What you should do
A line below contains "عن مُحمَّد بن", and a later one contains "Love a basic". Repeat both, with every line between them, exactly.

+++ Records to use

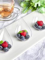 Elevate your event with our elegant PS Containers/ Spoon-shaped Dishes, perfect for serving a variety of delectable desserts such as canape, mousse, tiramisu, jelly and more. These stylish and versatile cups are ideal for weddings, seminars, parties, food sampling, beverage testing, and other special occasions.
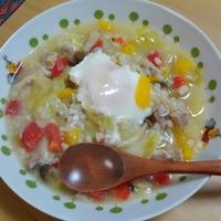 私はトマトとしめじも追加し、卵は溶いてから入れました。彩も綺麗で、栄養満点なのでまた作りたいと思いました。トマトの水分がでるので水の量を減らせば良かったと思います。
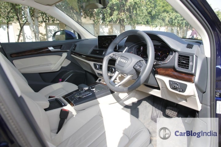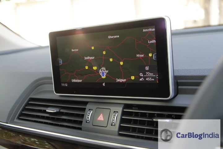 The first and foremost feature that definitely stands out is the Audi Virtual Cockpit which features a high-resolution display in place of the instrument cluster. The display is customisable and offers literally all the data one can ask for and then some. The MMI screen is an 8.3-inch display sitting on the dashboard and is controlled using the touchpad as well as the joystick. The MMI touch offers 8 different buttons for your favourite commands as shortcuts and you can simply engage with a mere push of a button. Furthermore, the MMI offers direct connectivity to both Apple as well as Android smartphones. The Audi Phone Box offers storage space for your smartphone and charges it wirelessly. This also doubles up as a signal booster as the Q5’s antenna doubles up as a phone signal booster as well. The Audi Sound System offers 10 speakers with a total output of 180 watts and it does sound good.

++++++
+++ Records to use

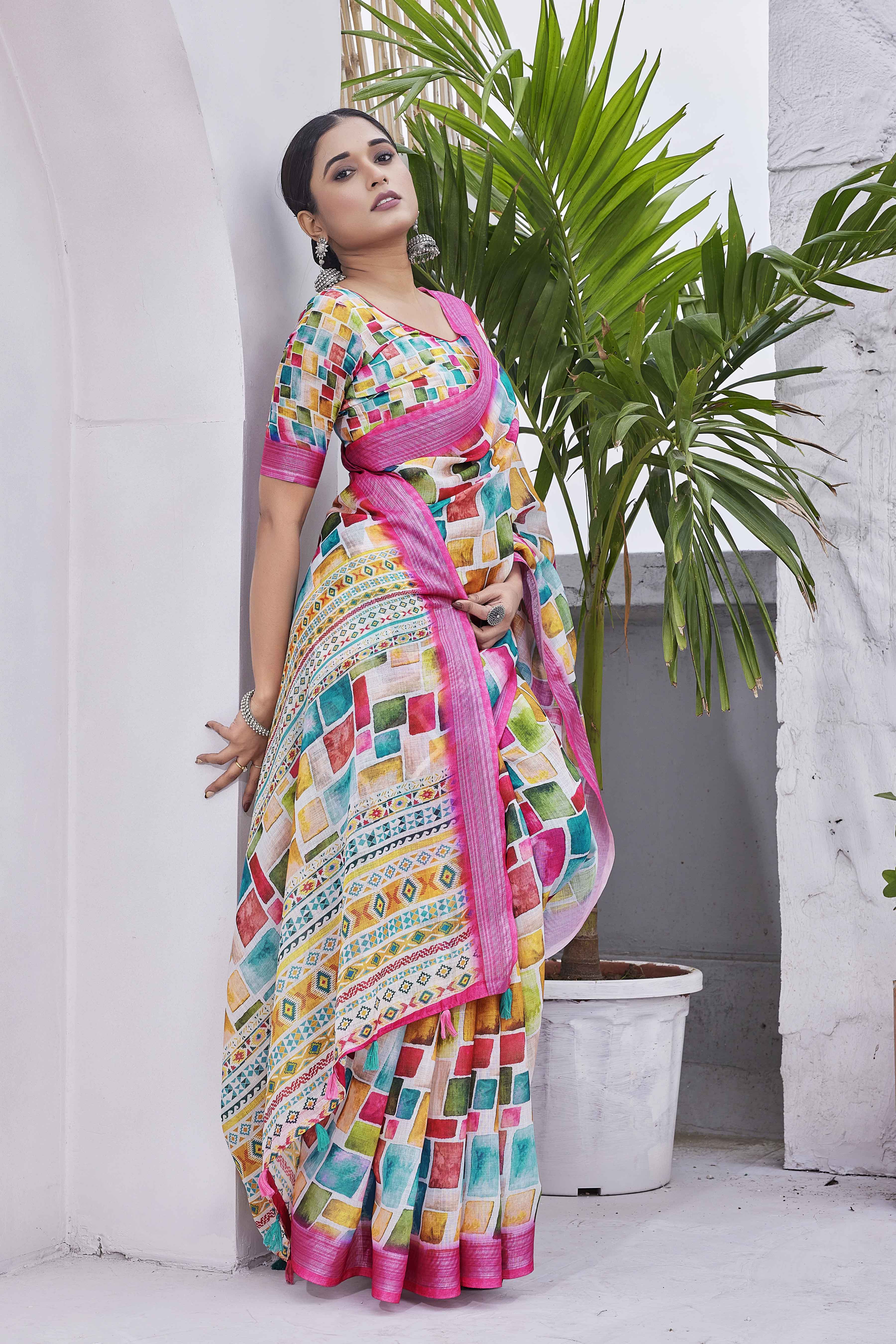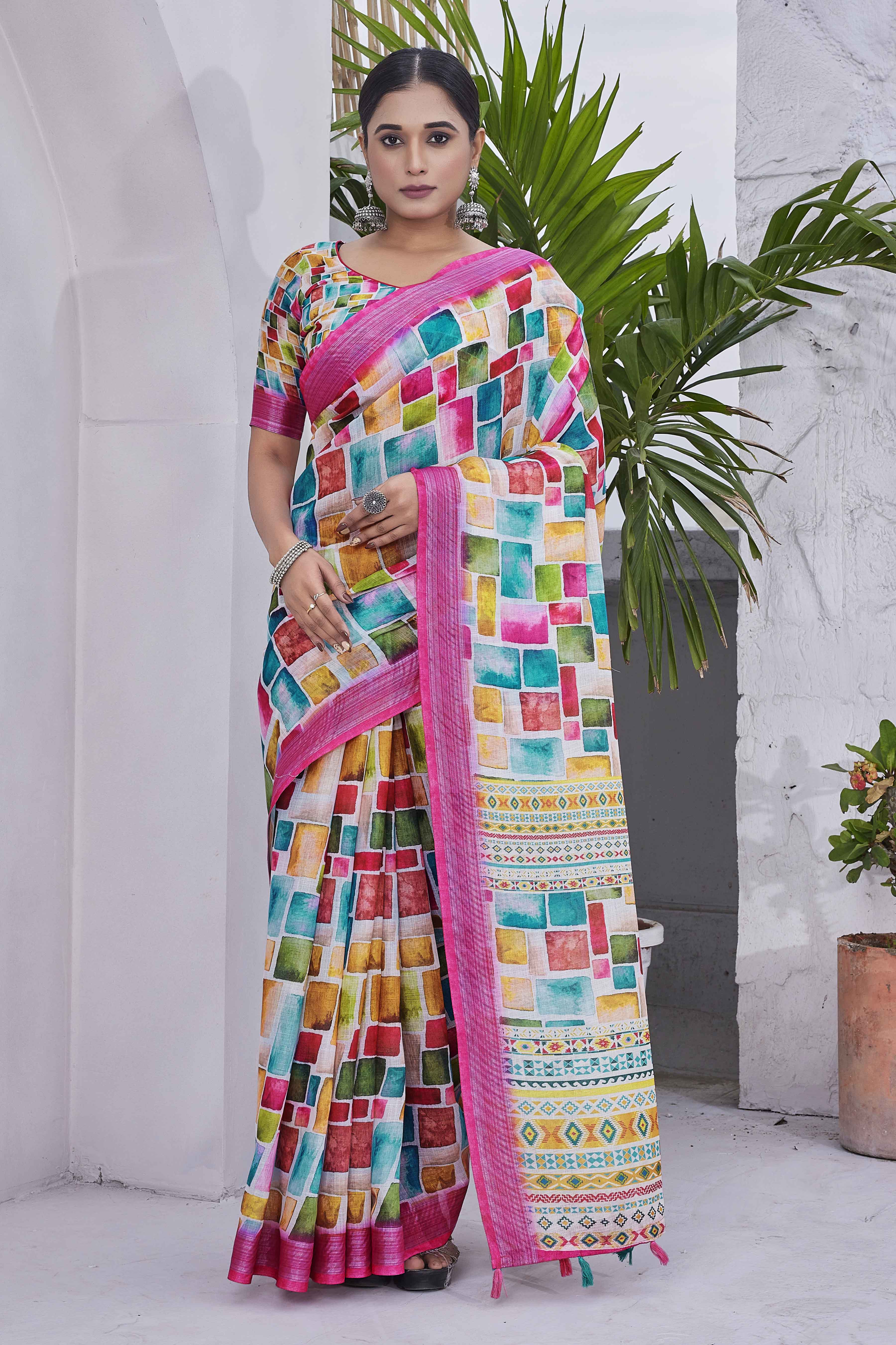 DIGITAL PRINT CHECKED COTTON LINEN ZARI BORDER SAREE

++++++
+++ Records to use

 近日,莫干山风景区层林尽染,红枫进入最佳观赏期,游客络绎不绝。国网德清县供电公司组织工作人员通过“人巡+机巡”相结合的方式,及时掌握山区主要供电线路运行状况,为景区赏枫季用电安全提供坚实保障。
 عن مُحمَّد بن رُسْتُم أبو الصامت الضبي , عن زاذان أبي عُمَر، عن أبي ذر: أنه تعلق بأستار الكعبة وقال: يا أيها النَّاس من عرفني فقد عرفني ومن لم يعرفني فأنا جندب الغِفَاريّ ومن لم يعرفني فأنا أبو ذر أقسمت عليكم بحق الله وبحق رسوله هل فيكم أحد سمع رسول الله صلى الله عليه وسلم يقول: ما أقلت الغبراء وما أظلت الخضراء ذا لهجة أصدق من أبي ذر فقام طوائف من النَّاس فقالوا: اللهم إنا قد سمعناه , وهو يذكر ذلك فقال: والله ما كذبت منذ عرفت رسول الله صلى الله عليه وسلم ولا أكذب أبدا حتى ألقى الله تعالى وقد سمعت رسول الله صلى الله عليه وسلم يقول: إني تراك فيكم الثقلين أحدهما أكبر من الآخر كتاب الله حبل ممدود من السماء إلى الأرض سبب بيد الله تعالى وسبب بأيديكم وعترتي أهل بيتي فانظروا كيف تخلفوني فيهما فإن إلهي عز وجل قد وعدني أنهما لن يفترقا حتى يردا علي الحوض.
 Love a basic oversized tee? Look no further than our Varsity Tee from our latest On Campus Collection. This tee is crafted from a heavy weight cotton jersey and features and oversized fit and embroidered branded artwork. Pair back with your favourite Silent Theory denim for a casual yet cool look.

++++++

Output for this task
 عن مُحمَّد بن رُسْتُم أبو الصامت الضبي , عن زاذان أبي عُمَر، عن أبي ذر: أنه تعلق بأستار الكعبة وقال: يا أيها النَّاس من عرفني فقد عرفني ومن لم يعرفني فأنا جندب الغِفَاريّ ومن لم يعرفني فأنا أبو ذر أقسمت عليكم بحق الله وبحق رسوله هل فيكم أحد سمع رسول الله صلى الله عليه وسلم يقول: ما أقلت الغبراء وما أظلت الخضراء ذا لهجة أصدق من أبي ذر فقام طوائف من النَّاس فقالوا: اللهم إنا قد سمعناه , وهو يذكر ذلك فقال: والله ما كذبت منذ عرفت رسول الله صلى الله عليه وسلم ولا أكذب أبدا حتى ألقى الله تعالى وقد سمعت رسول الله صلى الله عليه وسلم يقول: إني تراك فيكم الثقلين أحدهما أكبر من الآخر كتاب الله حبل ممدود من السماء إلى الأرض سبب بيد الله تعالى وسبب بأيديكم وعترتي أهل بيتي فانظروا كيف تخلفوني فيهما فإن إلهي عز وجل قد وعدني أنهما لن يفترقا حتى يردا علي الحوض.
 Love a basic oversized tee? Look no further than our Varsity Tee from our latest On Campus Collection. This tee is crafted from a heavy weight cotton jersey and features and oversized fit and embroidered branded artwork. Pair back with your favourite Silent Theory denim for a casual yet cool look.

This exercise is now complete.